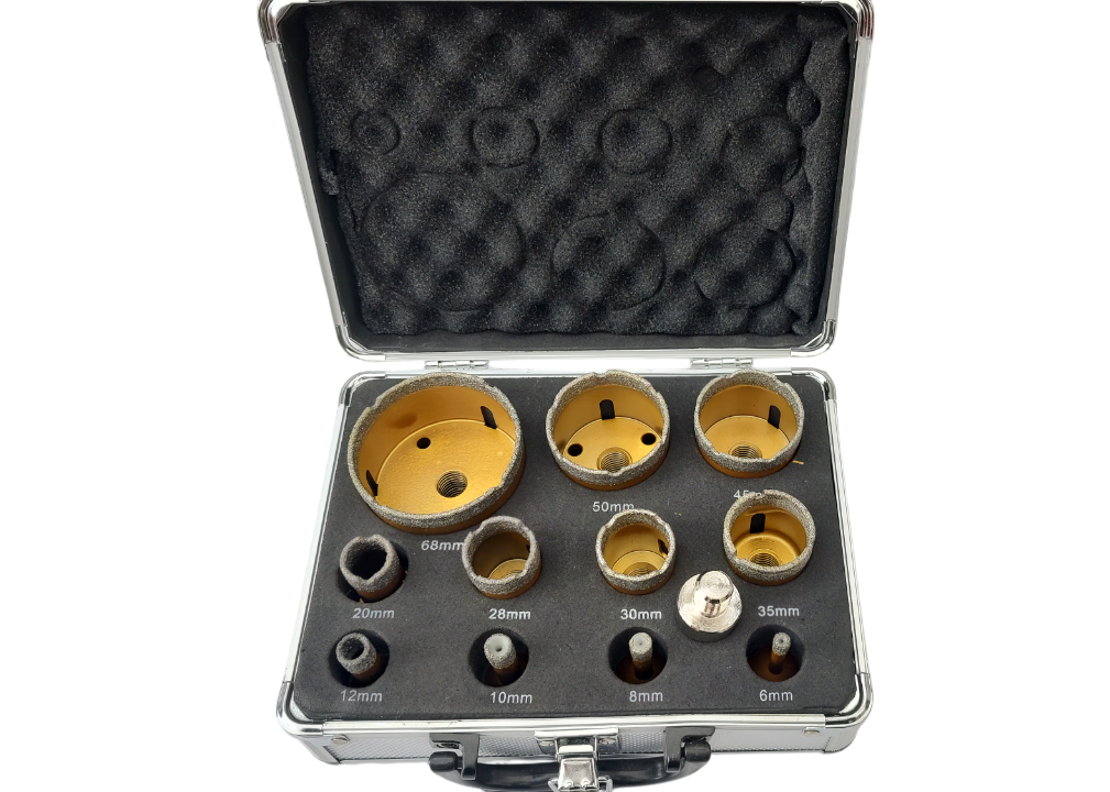 Set od 11 dijamantskih krunica M14 — 6 / 8 / 10 / 12 / 20 / 28 / 30 / 35 / 45 / 50 / 68 mm + adapter za bušilicu.
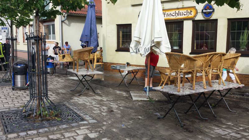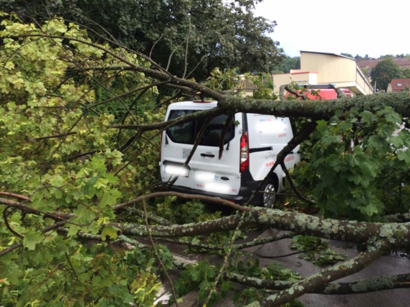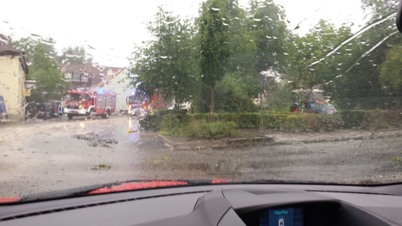 Bei sehr starken Wind ergossen sich in kürzester Zeit große Mengen Regen, so dass es zu lokalen Überschwemmungen der Straßen und Wege, vollgelaufenen Kellern und einem Überlaufen der Kanalisation kam. Zahlreiche Bäume und Äste brachen und mussten durch die Feuerwehr beseitigt werden. Stromverteiler liefen voll und es kam zu erheblichen Beeinträchtigungen des Straßenverkehrs.
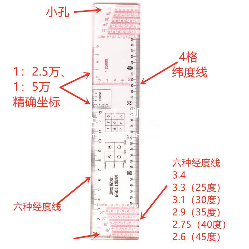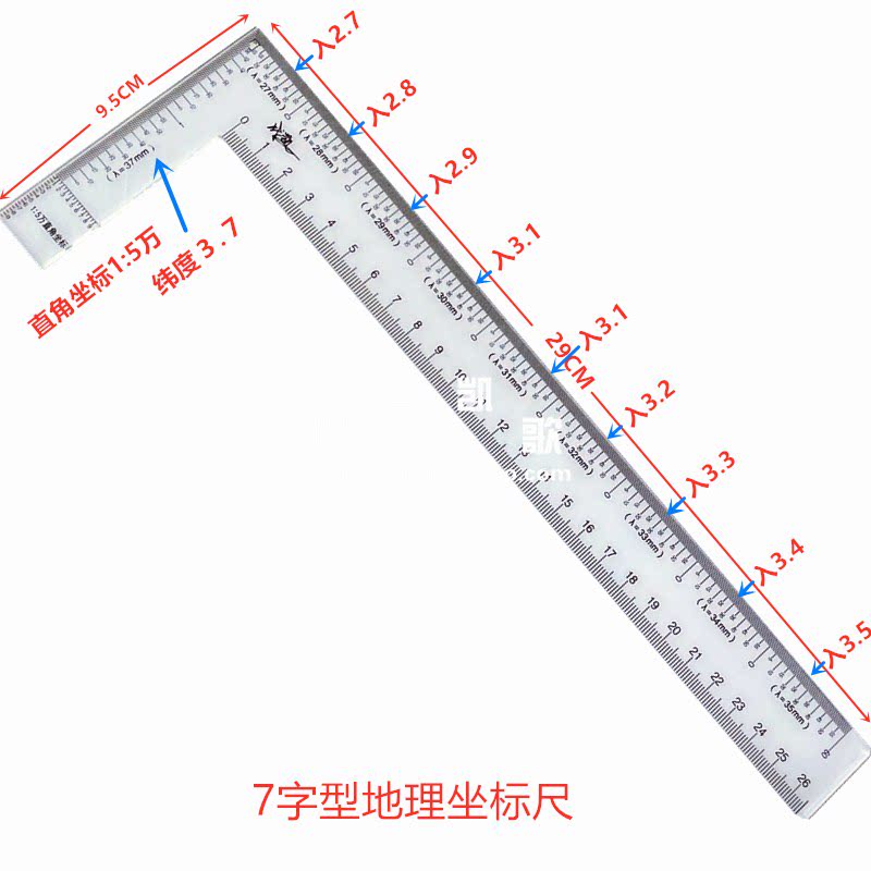 淘宝1:5万经纬度尺/地理坐标尺/直角坐标图上量算尺L型多经纬度尺
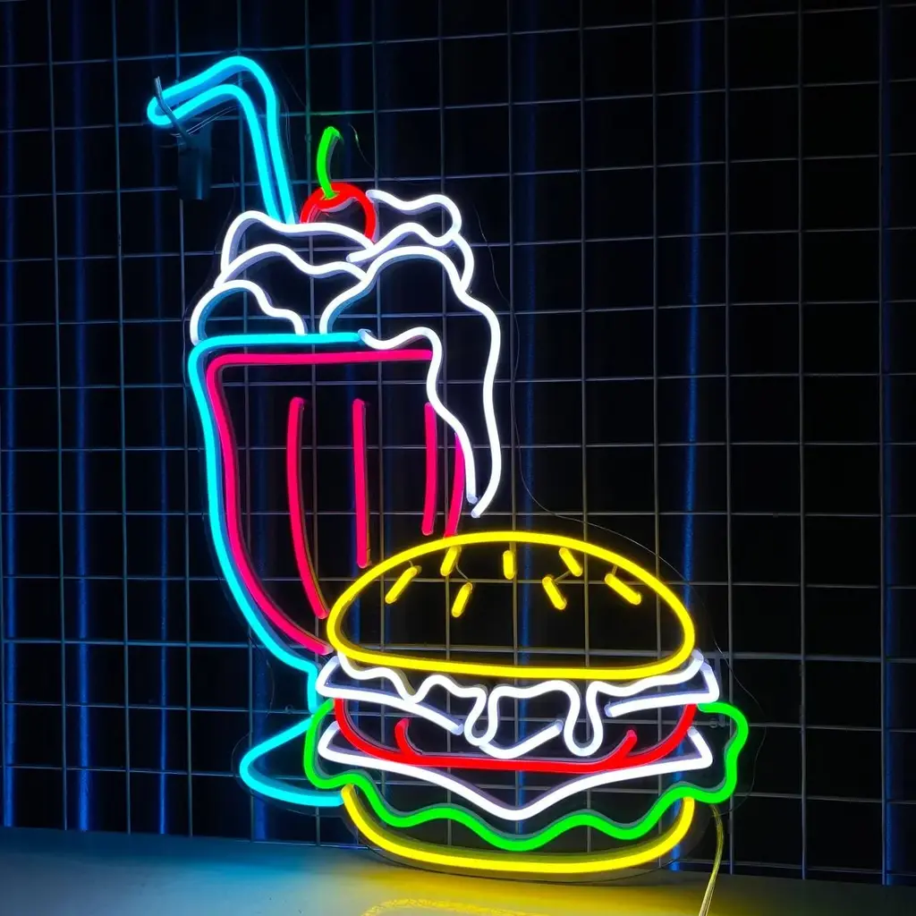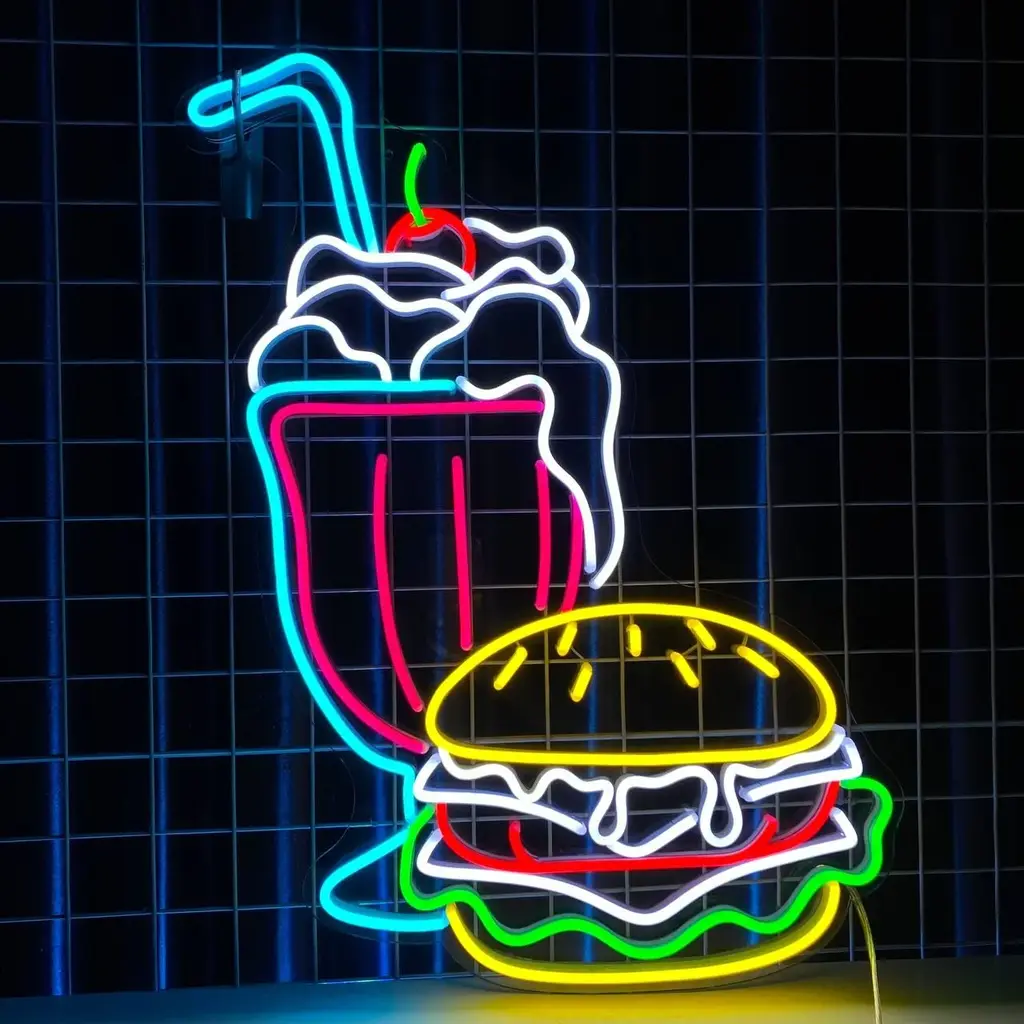 Food & Coffee Neon Sign – Burger Milkshake LED
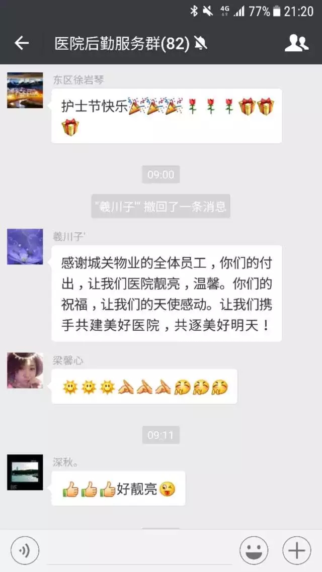 在“5·12”國際護士節來(lái)臨之際,蘭州城關(guān)物業(yè)服務(wù)集團組織舉辦了相關(guān)慰問(wèn)活動(dòng),分別向蘭大一院、蘭大二院、三愛(ài)堂醫院、陸軍總院、肺科醫院、蘭石醫院、蘭化醫院各科室護士贈送了禮品,為這些始終堅守一線(xiàn)的白衣天使送去節日的祝福,此舉獲得了院方領(lǐng)導的一致好評及贊譽(yù)。

● **YOUR INSTRUCTIONS**: Pictures aside, give the data again exactly as it appears.

● **RESULT OF THIS EXERCISE**:
 Set od 11 dijamantskih krunica M14 — 6 / 8 / 10 / 12 / 20 / 28 / 30 / 35 / 45 / 50 / 68 mm + adapter za bušilicu.
 Bei sehr starken Wind ergossen sich in kürzester Zeit große Mengen Regen, so dass es zu lokalen Überschwemmungen der Straßen und Wege, vollgelaufenen Kellern und einem Überlaufen der Kanalisation kam. Zahlreiche Bäume und Äste brachen und mussten durch die Feuerwehr beseitigt werden. Stromverteiler liefen voll und es kam zu erheblichen Beeinträchtigungen des Straßenverkehrs.
 淘宝1:5万经纬度尺/地理坐标尺/直角坐标图上量算尺L型多经纬度尺
 Food & Coffee Neon Sign – Burger Milkshake LED
 在“5·12”國際護士節來(lái)臨之際,蘭州城關(guān)物業(yè)服務(wù)集團組織舉辦了相關(guān)慰問(wèn)活動(dòng),分別向蘭大一院、蘭大二院、三愛(ài)堂醫院、陸軍總院、肺科醫院、蘭石醫院、蘭化醫院各科室護士贈送了禮品,為這些始終堅守一線(xiàn)的白衣天使送去節日的祝福,此舉獲得了院方領(lǐng)導的一致好評及贊譽(yù)。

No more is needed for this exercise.